Büffelst du Wörtli in der Landessprache, bevor du in die Ferien gehst?
Auch der gesamtschweizerische Hotel-Branchenverband Hotelleriesuisse berichtet, dass die Anforderungen der Touristen «sehr breit» seien. Nicht nur die Welschen wollen in der Deutschschweiz Französisch sprechen, sondern etwa auch die Deutschschweizer Deutsch im Tessin.

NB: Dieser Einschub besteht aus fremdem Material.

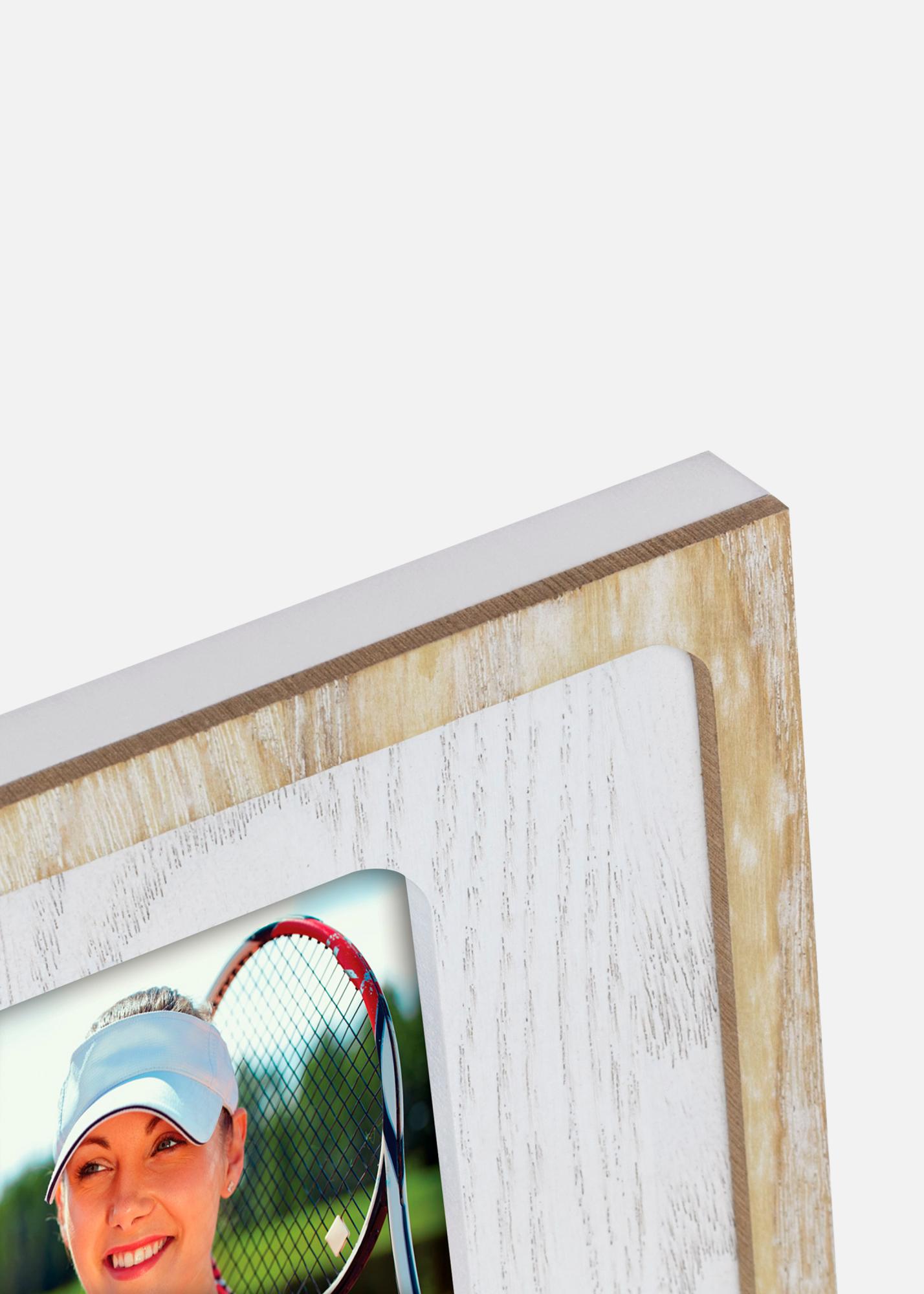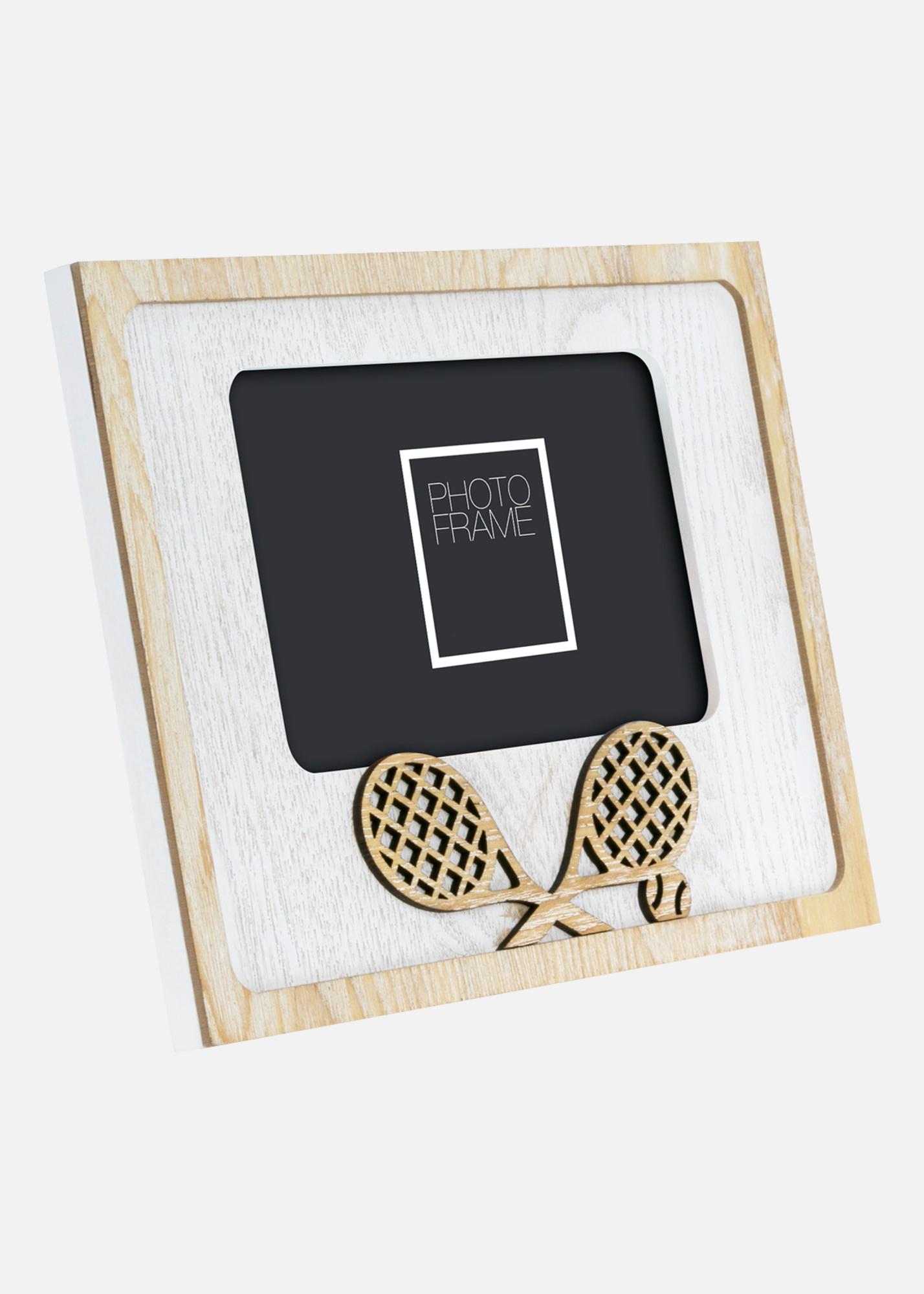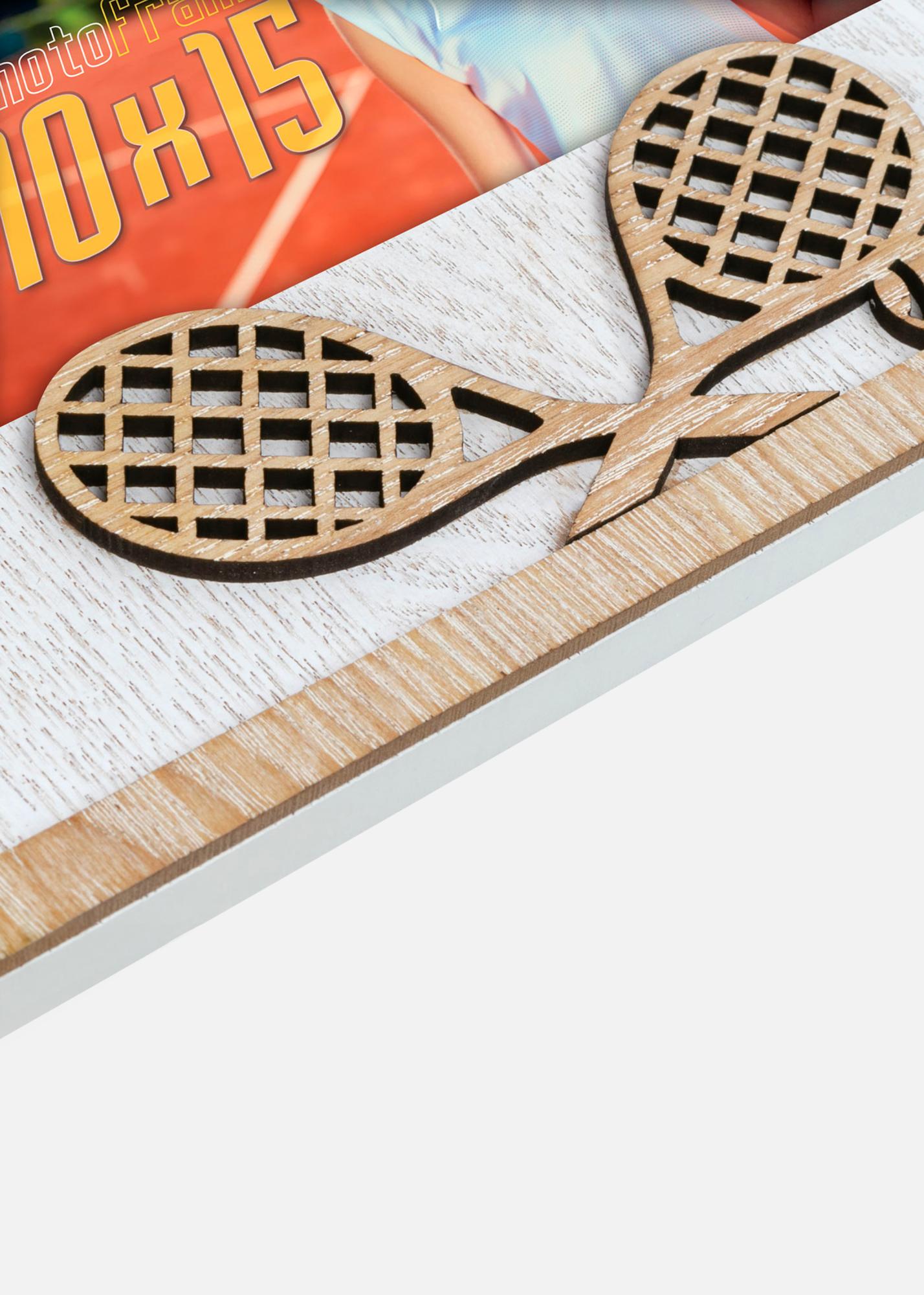Un marco de fotos inspirado en el deporte con un tema de tenis. Decorado con raquetas de tenis recortadas, perfecto para enmarcar recuerdos de la cancha de tenis o actividades deportivas. Adecuado para tamaño de imagen 10x15 cm.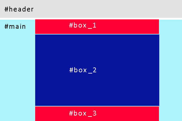 然后,我想在#main div中显示三个框: box_1、box_2和box_3。box_1和box_3具有相同的高度值,box_2扩展自己以获取#main的剩余高度。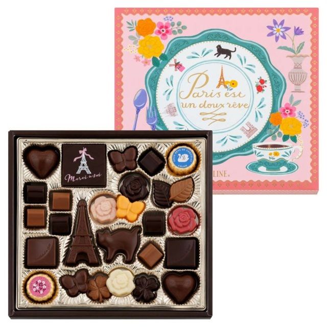 パリをイメージしたエッフェル塔や可愛らしい猫、クローバやバラなどキュートな形のチョコレートを詰め合わせました。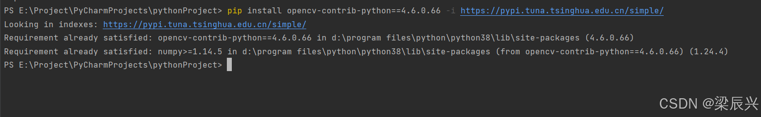 命令:pip install opencv-contrib-python==4.6.0.66 -i https://pypi.tuna.tsinghua.edu.cn/simple/,发现它并没有安装到该项目的环境下,而是安装到Python配置的全局环境中。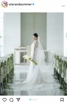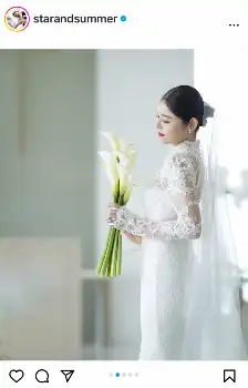 この投稿に、ファンからは「世界で一番綺麗な花嫁姿!」「美しい」「とっても綺麗で素敵」「幸せオーラが滲み出てますね」「このドレス姿を見られて幸せです」「かわいすぎる」「めちゃくちゃキレイ」などの声が寄せられている。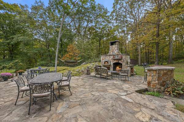Experience the epitome of tranquility in this country retreat, nestled on over 18 acres of paradise.Adjacent to the sprawling 100+ acres of Samuel E. Hill Little River Nature Preserve and Robins Trail, this home is the perfect oasis.As you enter the main level, you immediately feel the rustic charm.The 1st floor includes a cozy bedroom, a sunlit family room, a kitchen, and a dining room.The 4 interior fireplaces -one in the kitchen- are perfect for relaxing during the winter months.On the 2nd level, you'll find the primary suite, with its own private balcony where you can immerse yourself in the calming sounds of nature.With 3 additional bedrooms & 3 full baths, this home offers ample space.The private backyard features a natural landscape, allowing you to enjoy nature at its finest.A custom-built fireplace, pizza oven, & bar top make this outdoor space ideal for entertaining.You can also indulge in cross-country skiing, hiking, and snowshoeing directly from your backyard!Located approx 90 mins from NYC & less than 10 mins from the renowned Georgetown area of Redding -with its bustling restaurants- and the easily accessible Branchville Train Station, this property offers both tranquility and convenience.Come experience the warmth and character of this home in person, it's something that can only be truly appreciated through a visit.Don't miss the 3-car detached garage with a legal apartment above, perfect for use as an office, an in-law apartment, or income producing rental.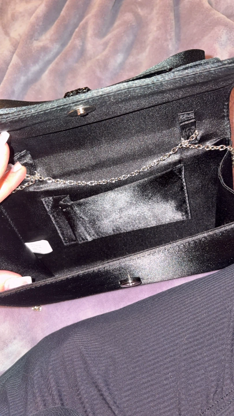 This is a lovely black satin clutch with a chain strap. It features a decorative bow with rhinestone accents. It's in great condition and perfect for an evening out!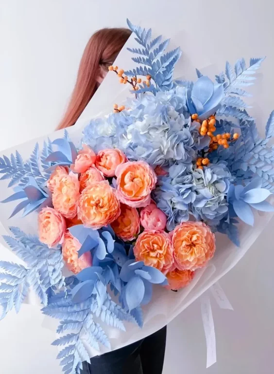 Доставка цветов / Гортензии, Розы / Букет «Moroznyj den»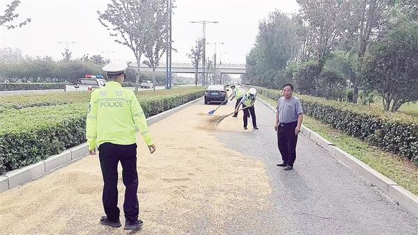 “大爷,可不能在路中间晒粮,太危险了!”6月5日,烈日当空,周口市川汇区李埠口街道下楼行政村村民李老汉将收下来的小麦摊晒在公路中间,周口市公安局交警支队四大队副大队长顾松伟和同事在巡逻中发现后,立刻上前劝阻,并向李老汉讲解在马路上晒粮的危害性。李老汉不以为然地说:“就晒一会儿,没事的。”顾松伟没有急于反驳,而是打开手机,向李老汉展示了一段因在马路上晒粮导致摩托车侧滑、人员受伤的监控视频。视频中,骑手因避让麦粒失控摔倒,现场触目惊心。李老汉看完视频,一边在民警的帮助下将麦粒收拢到路边,一边说:“没想到在马路上晒粮的后果这么严重,多亏你们提醒我!”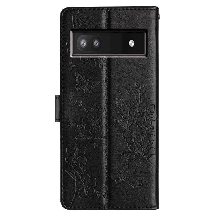 Funda de Cuero para Google Pixel 9A con Diseño de Mariposas y Flores (Negra)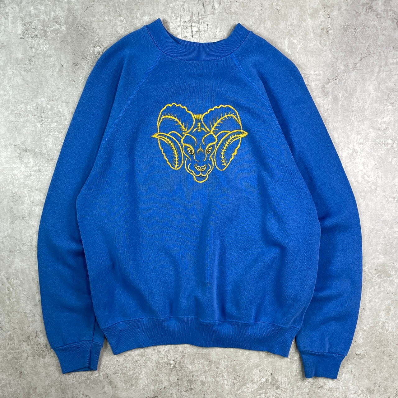 80年代 USA製 TULTEX ハンドペイント スウェットシャツ メンズM相当 古着 80s ヴィンテージ VINTAGE トレーナー ラグランスリーブ アニマル 青【スウェット】/ブルー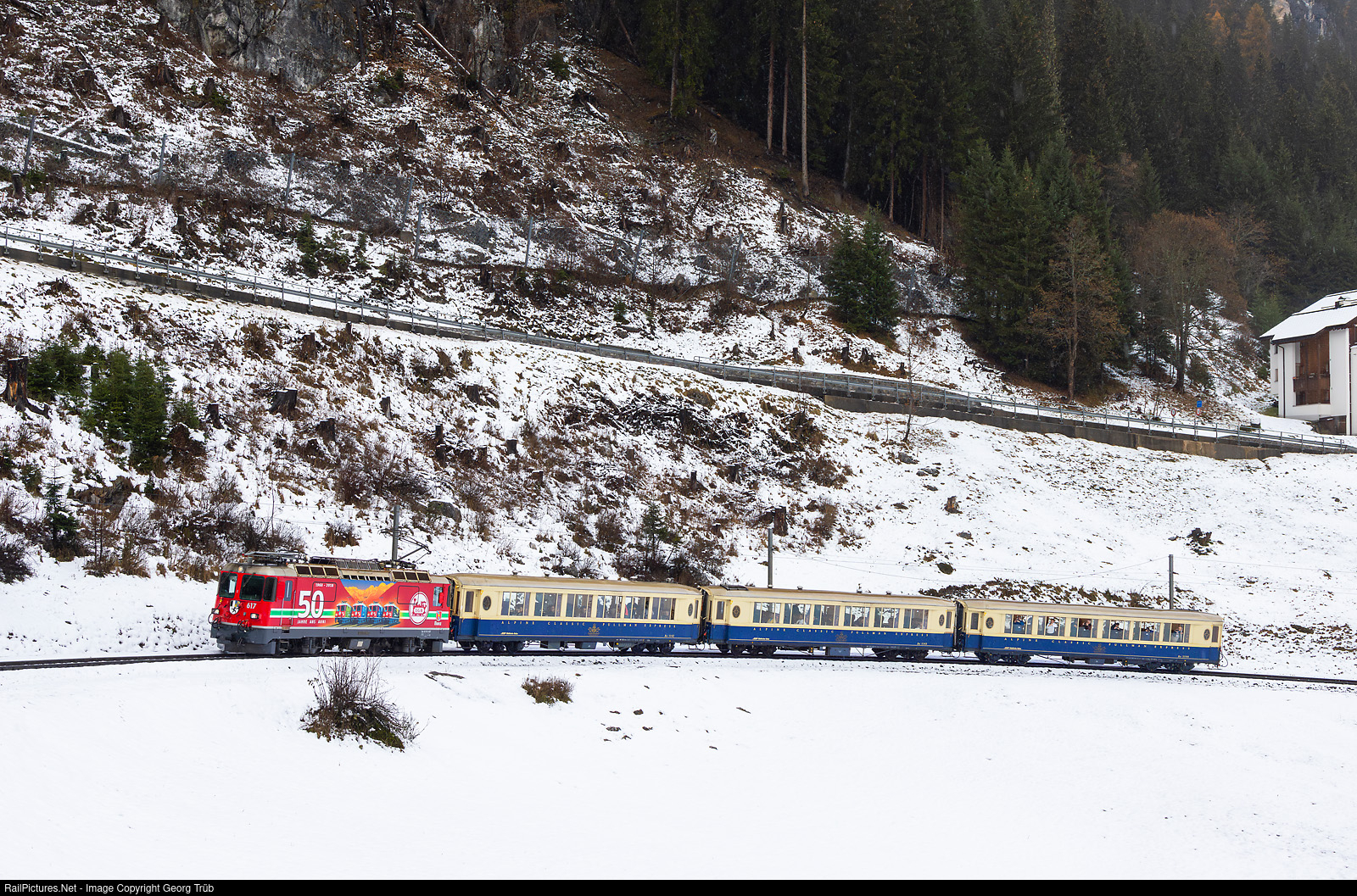 Ge 4/4 II # 617 of the Rhaetian Railway, in the publicity paint scheme for 50 years LGB Gartenbahn, pulls the special 92425 from Landquart via Chur to Arosa, near Litzirüti. The cars are the "ALPINE CLASSIC PULLMAN EXPRESS" parlor cars As # 1142 to # 1144, built in 1931 by the SIG Neuhausen for the Montreux Oberland Bernois (MOB). The Ge 4/4 II # 617 is due to be stabled from end of this year, because it lacks the new train protection system ZSI 127.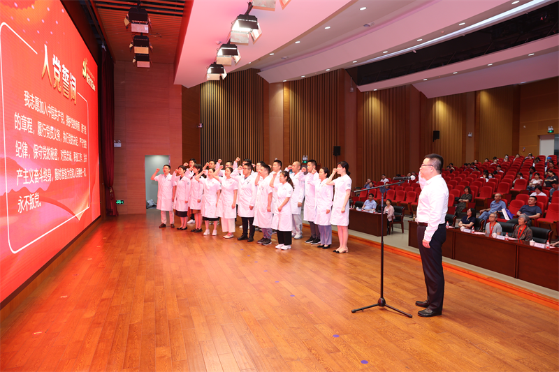 刘连新随后向老党员代表颁授“光荣在党50年”纪念章。广大老党员离岗不离党、退休不褪色,为党的革命事业和卫生健康事业奋斗终身,为新时代党员干部树立了光辉榜样。在鲜红神圣的党旗下,新党员代表在刘连新的带领下庄严宣誓。新党员代表、妇产科主治医师徐汉杰分享了入党的心路历程,表达了对党的真挚感情。徐汉杰表示,将牢记入党初心,铭记党员使命,以实际行动践行入党誓词。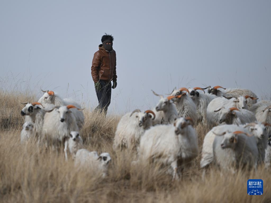 1月13日,在青海湖湖東種羊場(chǎng),牧工在照料羊群。

Sprecher Vinzenz van den Berg erklärt: «Einerseits werden Schweizerdeutschkenntnisse, beziehungsweise Französisch und Italienisch gewünscht. Andererseits erwartet man Englischkenntnisse oder Kenntnisse der jeweiligen Landessprache.»
Begrüssung in Landessprache «zeugt von Wertschätzung»
Zurück zum Knigge. Auf dem Gebiet ist Susanne Abplanalp Expertin – sie bietet unter anderem Kurse zu Umgangsformen und Stil an.
Bei Nau.ch stellt sie klar: «Es zeugt von Wertschätzung gegenüber dem Gastland, wenn die Begrüssung, Danke, Bitte und einige Sätze in der Landessprache gesprochen werden.»
Mehr ist kein Muss – dafür sei es ideal, wenn man als Touri zumindest einfache Gespräche auf Englisch führen könne. «Bei organisierten Reisen ist dies jedoch nicht unbedingt nötig.»
Wichtig ist es laut Abplanalp dafür, sich über die kulturellen Eigenheiten des Reiselandes zu informieren. «Das ist heute mit Google oder einem Reiseführer für uns alle sehr einfach.»
Ein paar Beispiele: «In China sollte man nie die servierten Speisen auf einem Teller komplett leer essen. Dies bedeutet, dass wir noch Hunger verspüren.»
Bist du in den Ferien schon einmal wegen kultureller Unterschiede ins Fettnäpfli getreten?
Und in Japan sollte man nie Trinkgeld geben. «Dies ist eine Beleidigung und unterstellt den Dienstleistern, dass sie nur wegen des Trinkgeldes freundlich und zuvorkommend sind.»
Zusammengefasst: Ein bisschen Englisch ist heute in den Ferien meist nötig, wenn man die Landessprache nicht kann. Und es schadet sicher nie, vor dem Reisen einen Blick ins Wörterbuch zu werfen.